> [Aim of the task]: Only the pictures are to be left out; please reproduce everything else in the data exactly.

The data section start

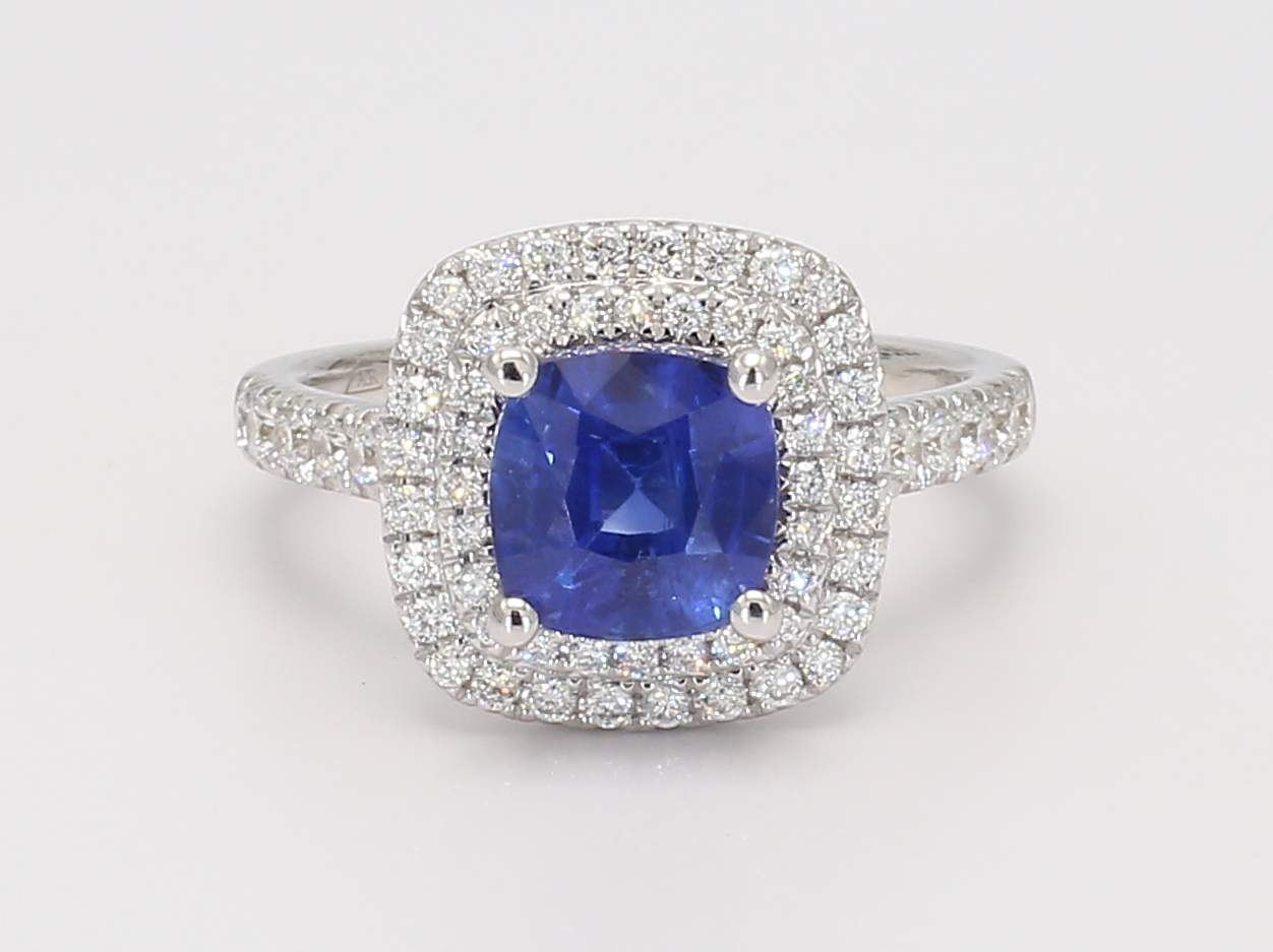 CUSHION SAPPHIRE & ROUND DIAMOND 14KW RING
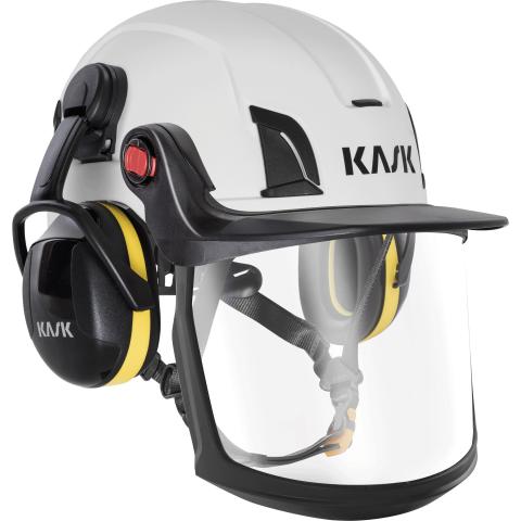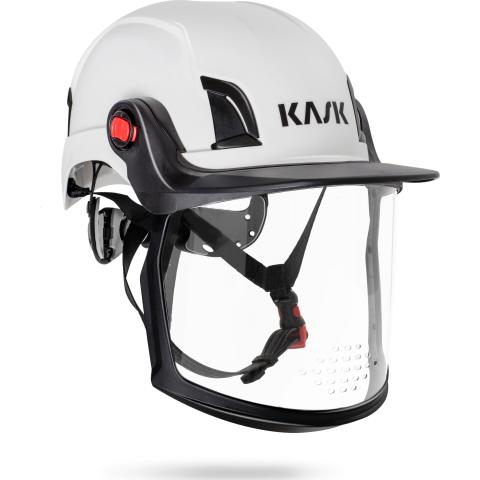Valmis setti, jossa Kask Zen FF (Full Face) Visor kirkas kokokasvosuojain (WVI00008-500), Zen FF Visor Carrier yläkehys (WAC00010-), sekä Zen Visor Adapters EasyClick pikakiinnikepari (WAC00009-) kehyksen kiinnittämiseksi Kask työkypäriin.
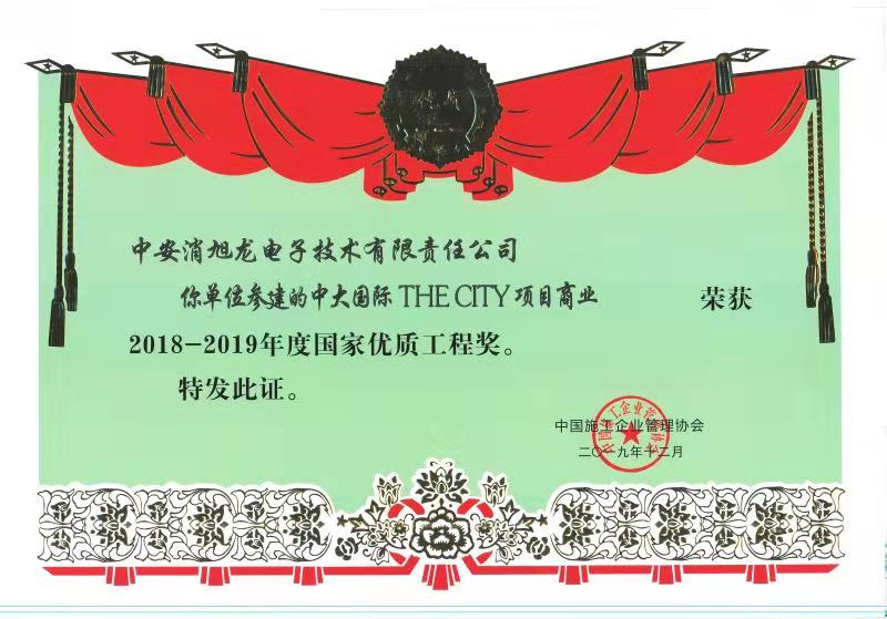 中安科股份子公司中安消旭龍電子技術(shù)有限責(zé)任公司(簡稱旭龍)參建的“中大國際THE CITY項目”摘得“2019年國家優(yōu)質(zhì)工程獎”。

The data section end

> [Answer space]:
 CUSHION SAPPHIRE & ROUND DIAMOND 14KW RING
Valmis setti, jossa Kask Zen FF (Full Face) Visor kirkas kokokasvosuojain (WVI00008-500), Zen FF Visor Carrier yläkehys (WAC00010-), sekä Zen Visor Adapters EasyClick pikakiinnikepari (WAC00009-) kehyksen kiinnittämiseksi Kask työkypäriin.
 中安科股份子公司中安消旭龍電子技術(shù)有限責(zé)任公司(簡稱旭龍)參建的“中大國際THE CITY項目”摘得“2019年國家優(yōu)質(zhì)工程獎”。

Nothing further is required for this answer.